Video Title: Scraping Dark Web Sites with Python
Channel: John Hammond
Speakers: John Hammond
Duration: 00:19:29 (19 minutes and 29 seconds, based on the provided transcript which runs to 11:57.120 which is approx 19 minutes and 57 seconds, rounded to 19:29 for the title. Assuming this is a minor discrepancy and the title is correct)

Overview

This video demonstrates how to scrape websites hosted on the dark web, specifically those using Tor hidden services or .onion addresses. The presenter, John Hammond, explains the process of setting up Tor, using the torify command, configuring Tor's settings, and then leveraging Python libraries like requests-python-socks to programmatically access and scrape these sites. He also touches on the potential applications of this technique, such as threat intelligence gathering.

Key takeaways

Tor Setup: The video begins by showing how to install and configure the Tor service on a Kali Linux virtual machine to enable anonymous browsing and access to .onion sites.
torify Command: It introduces the torify command as a wrapper for tunneling other command-line tools through Tor, though it requires specific configuration in the torrc file to function correctly.
Tor Configuration (torrc): Key settings like enabling the control port and disabling default authentication are modified in the /etc/tor/torrc file to allow programmatic interaction with the Tor network.
Python for Dark Web Scraping: The core of the video focuses on using the requests-python-socks library in Python to make HTTP requests to .onion addresses, effectively automating the scraping of dark web content.
Practical Application (Threat Intelligence): The presenter highlights how scraping dark web sites can be valuable for gathering threat intelligence, tracking cybercrime activities, and monitoring for leaked credentials or PII.
Alternative Libraries: Other Python libraries like torpy and stem are mentioned as alternatives for interacting with the Tor network, offering different levels of control and functionality.
Flare (Sponsor): The video briefly showcases Flare, a threat intelligence platform, as a more comprehensive solution for monitoring the dark web and managing attack surfaces.

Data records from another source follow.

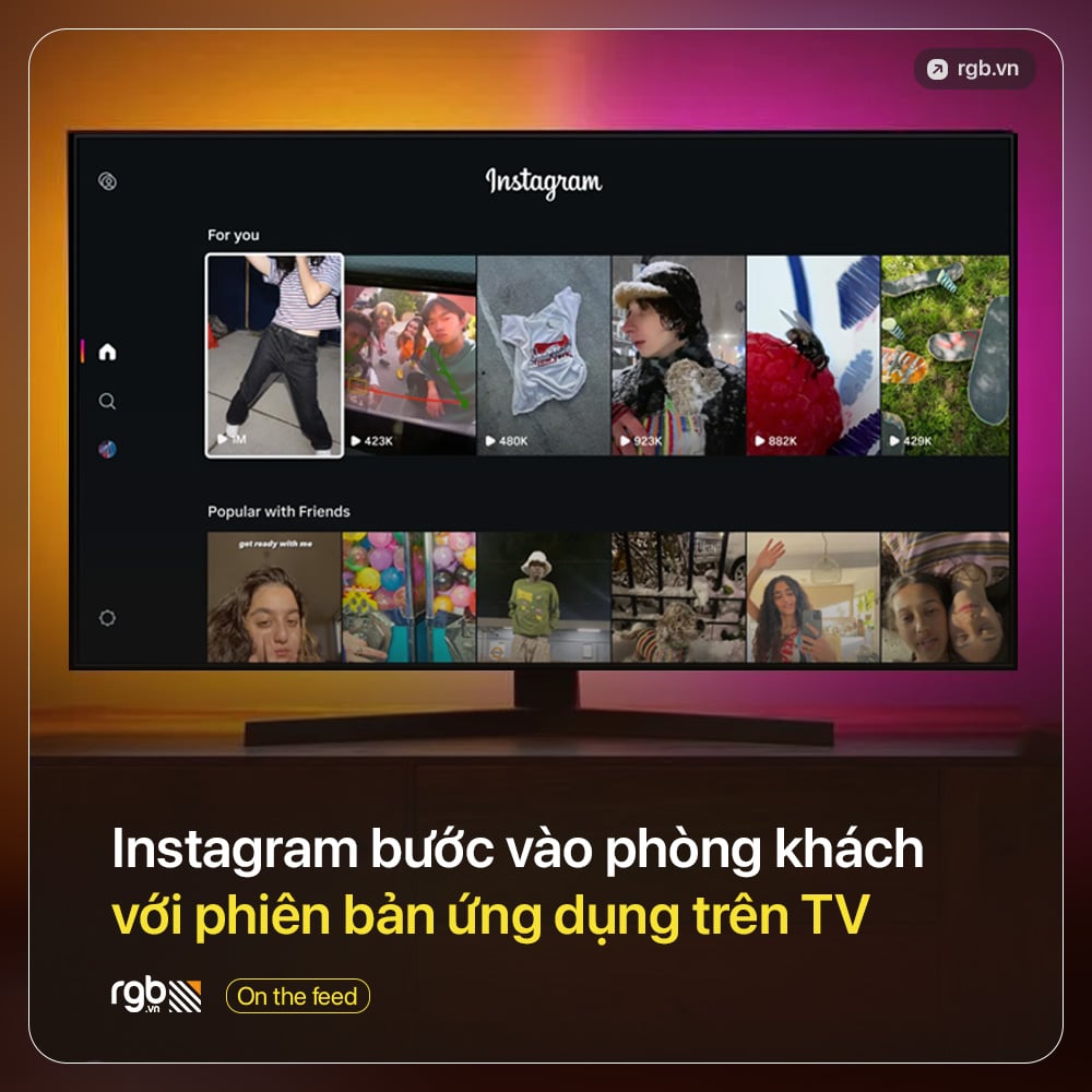 Ứng dụng Instagram for TV hiện được triển khai dưới dạng thử nghiệm giới hạn trên các thiết bị Amazon Fire TV tại Mỹ. Ứng dụng cho phép người dùng xem Reels trực tiếp trên màn hình lớn, đồng thời tận dụng lịch sử hoạt động Instagram hiện có để đề xuất nội dung cá nhân hóa. Đây là bước đi chính thức đầu tiên của Instagram vào mảng connected TV, đưa nền tảng này vào thế cạnh tranh trực diện hơn với YouTube – dịch vụ từ lâu đã coi phòng khách là không gian xem chủ đạo.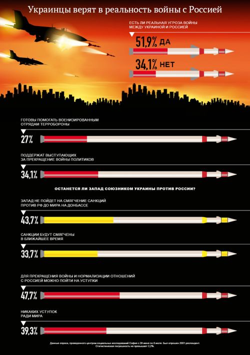 Но участвовать в этом конфликте согласились всего 27% опрошенных — и это при условии, что вопрос стоял только об оказании помощи отрядам территориальной обороны. О непосредственном участии, очевидно даже спрашивать побоялись. Если кто сомневается, то опрос совсем свежий — проводился с 29 июня по 8 июля 2016 года.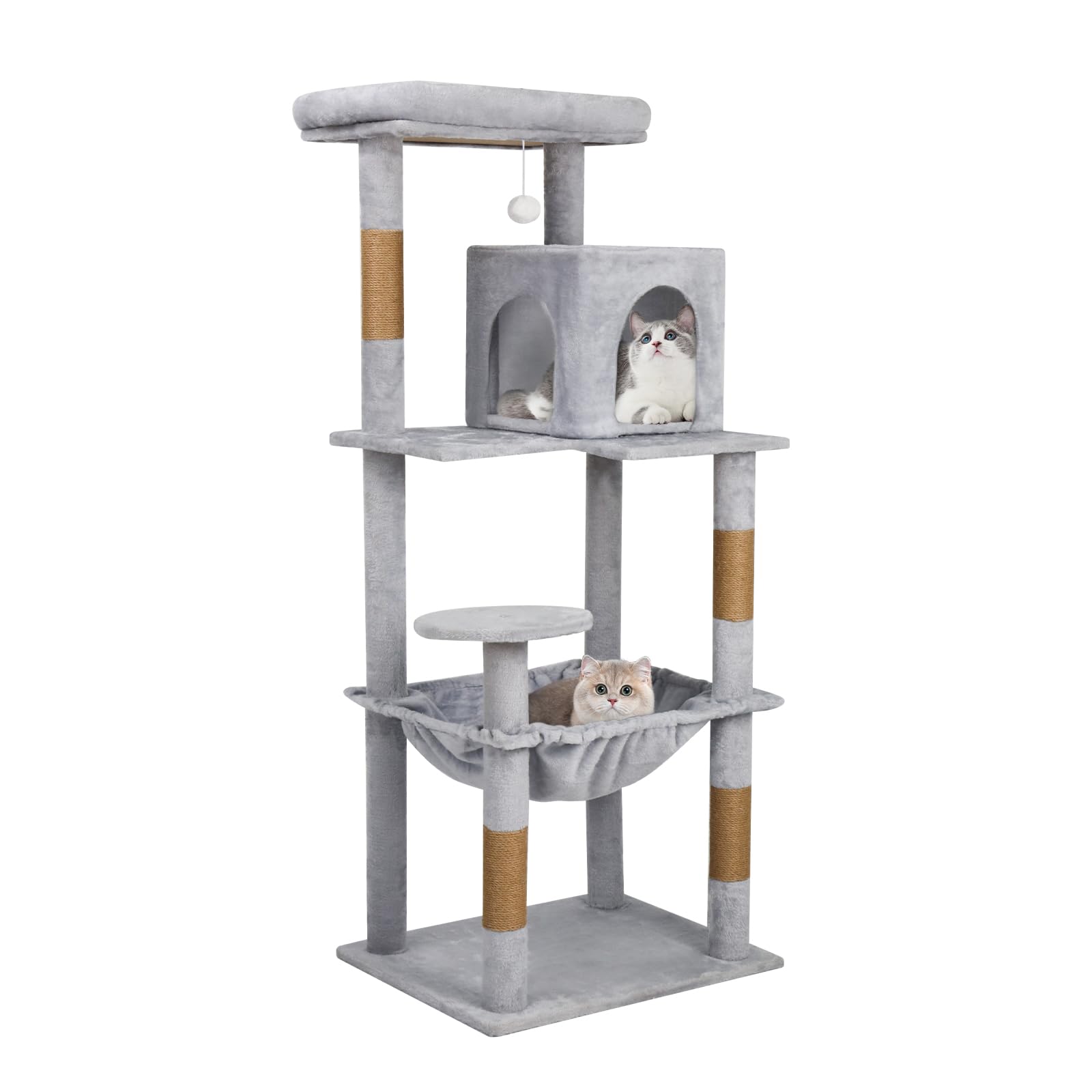 PETEPELA(ぺテぺラ) キャットタワー 猫タワー スリム 大型猫 据え置き 省スペース 登りやすい ハンモック 見晴台 ねこハウス ボンボン 天然麻紐 爪とぎ 運動不足解消 多頭飼い グレー 高さ143cm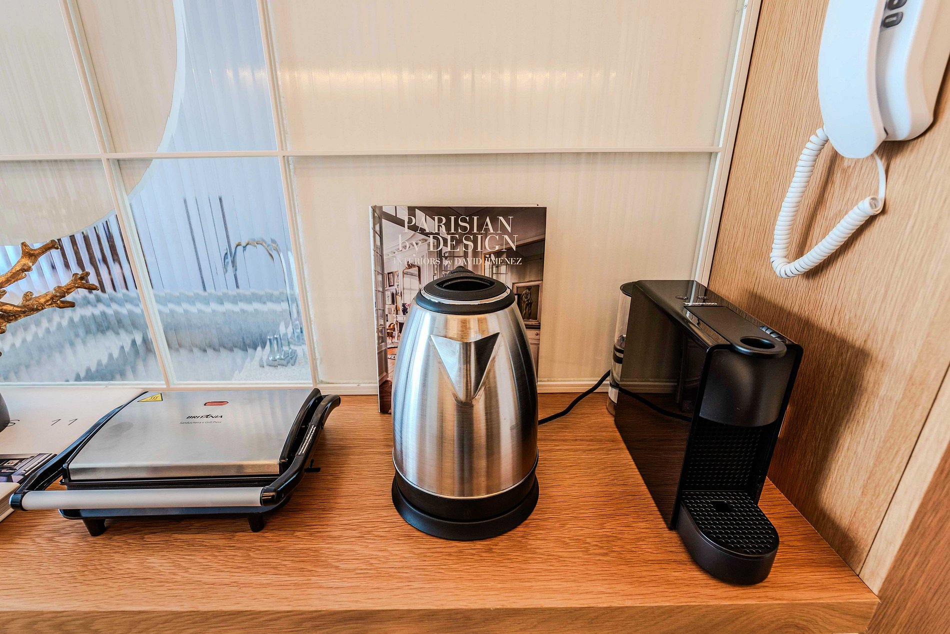 - Micro-ondas, cafeteira, liquidificador e sanduicheira.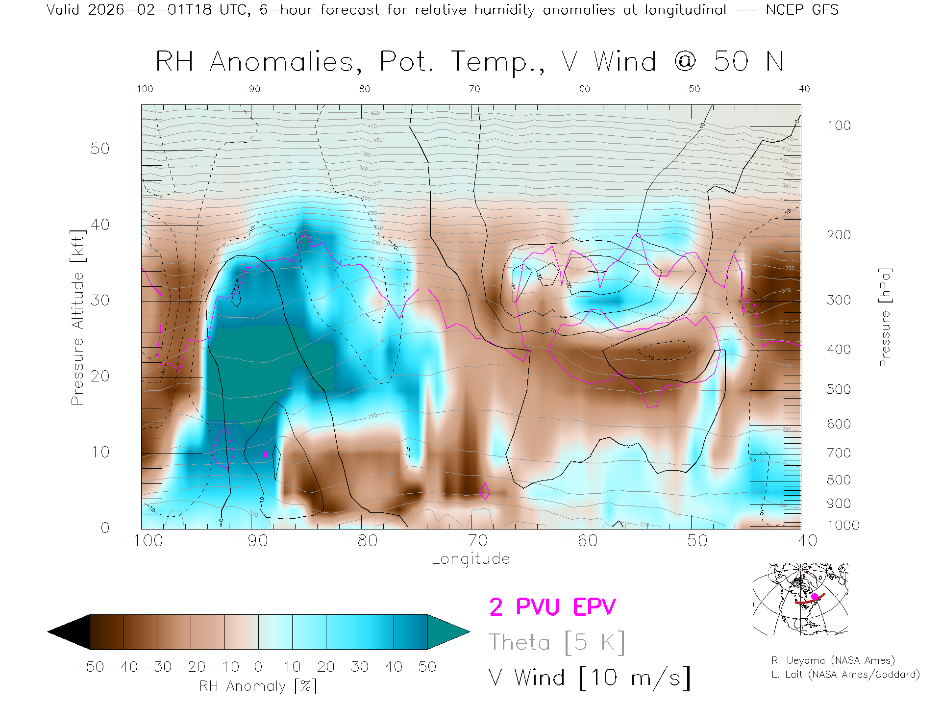 NCEP GFS Forecast Rel. Hum. X-Section (50 N)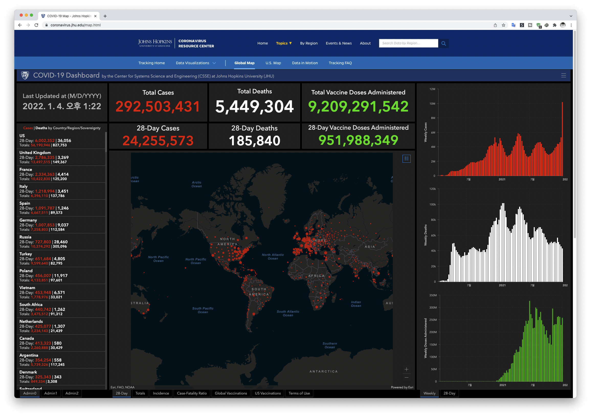 먼저 소개할 곳은 미국 존스홉킨스대학 코로나바이러스 리서치센터에서 운영하는 COVID-19 맵으로 전세계의 코로나 바이러스 현황을 한눈에 살펴볼 수 있다. 현시각 총 확진자수와 사망자수, 백신 투여 횟수를 확인 할 수 있다.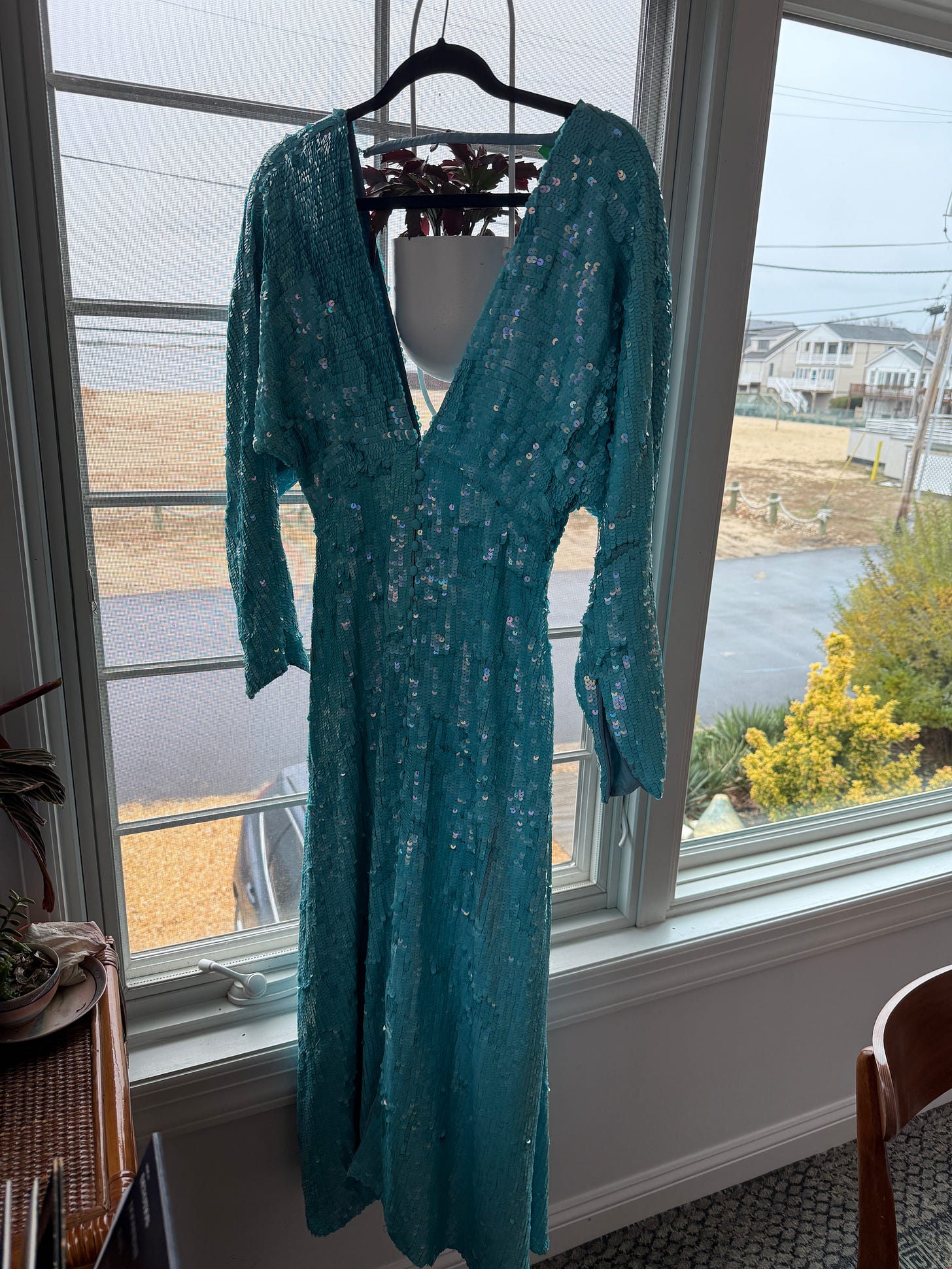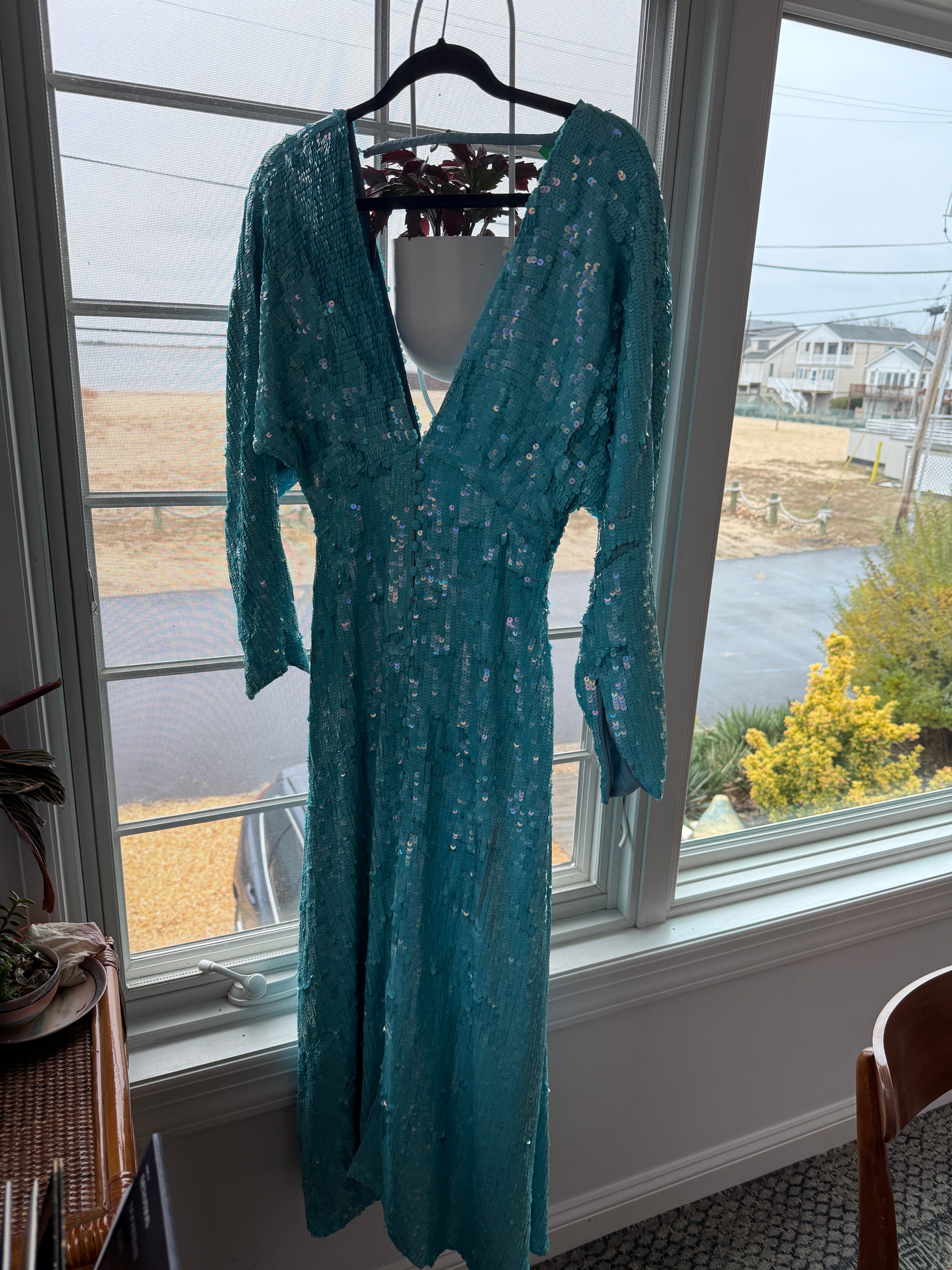 I found a vivid turquoise sequined dress at Goodwill last week.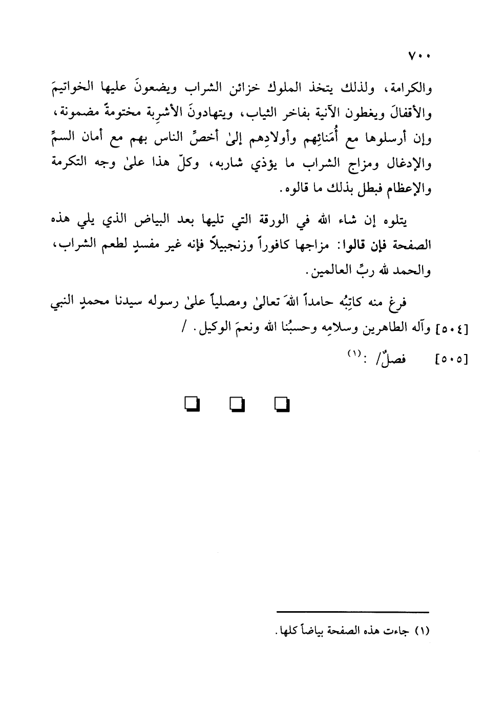 الصفحة فإن قالوا: مزاجها كافوراً وزنجبيلاً فإنه غير مفسدٍ لطعم الشراب.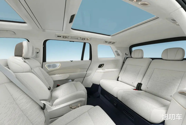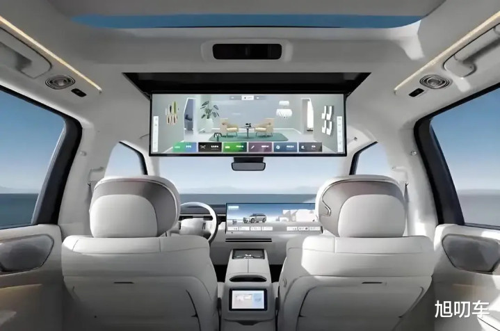 前排驾驶舱给人印象最深刻的是中控上的30英寸的6K中控副驾一体式天际屏+12.66英寸高清液晶仪表,还配有95英寸的HUD抬头显示,以及30英寸后排液晶屏。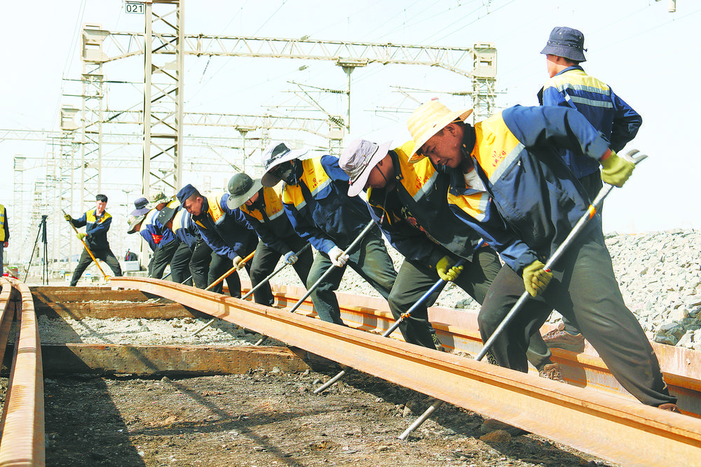 察爾汗線路車間職工在擺正鋼軌。東科力加 攝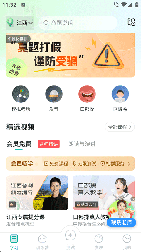 声母、韵母、声调发音课程,还有视频教学课程,真人老师发音指导私教服务,选择适合自己的学习课程,学好普通话。

The speaker does not explicitly mention the challenges of scraping onion sites that require credentials with 2FA or captchas. The examples shown in the video are primarily for accessing publicly available HTML content on sites like ransomware leak sites.

Here's how the scraping discussed in the video would work for those types of sites, and why it wouldn't directly handle sites with 2FA or captchas:

Publicly Accessible Content: The script is shown successfully fetching the HTML of a ransomware leak site. These sites often list victim names, data leak status, or group information publicly. The script, by accessing the URL through Tor, retrieves this raw HTML.
Keyword and Link Extraction: Once the HTML is obtained, standard Python parsing libraries (like BeautifulSoup, although not explicitly shown in this snippet, it's a common next step) would be used to:
- Extract Keywords: Search the text content of the HTML for specific terms.
- Find Links: Identify all <a> tags to extract URLs (including other .onion links or external links).
- Extract Usernames/Data: Parse the HTML structure to find specific data points that are presented in a consistent format (e.g., table rows for victim data).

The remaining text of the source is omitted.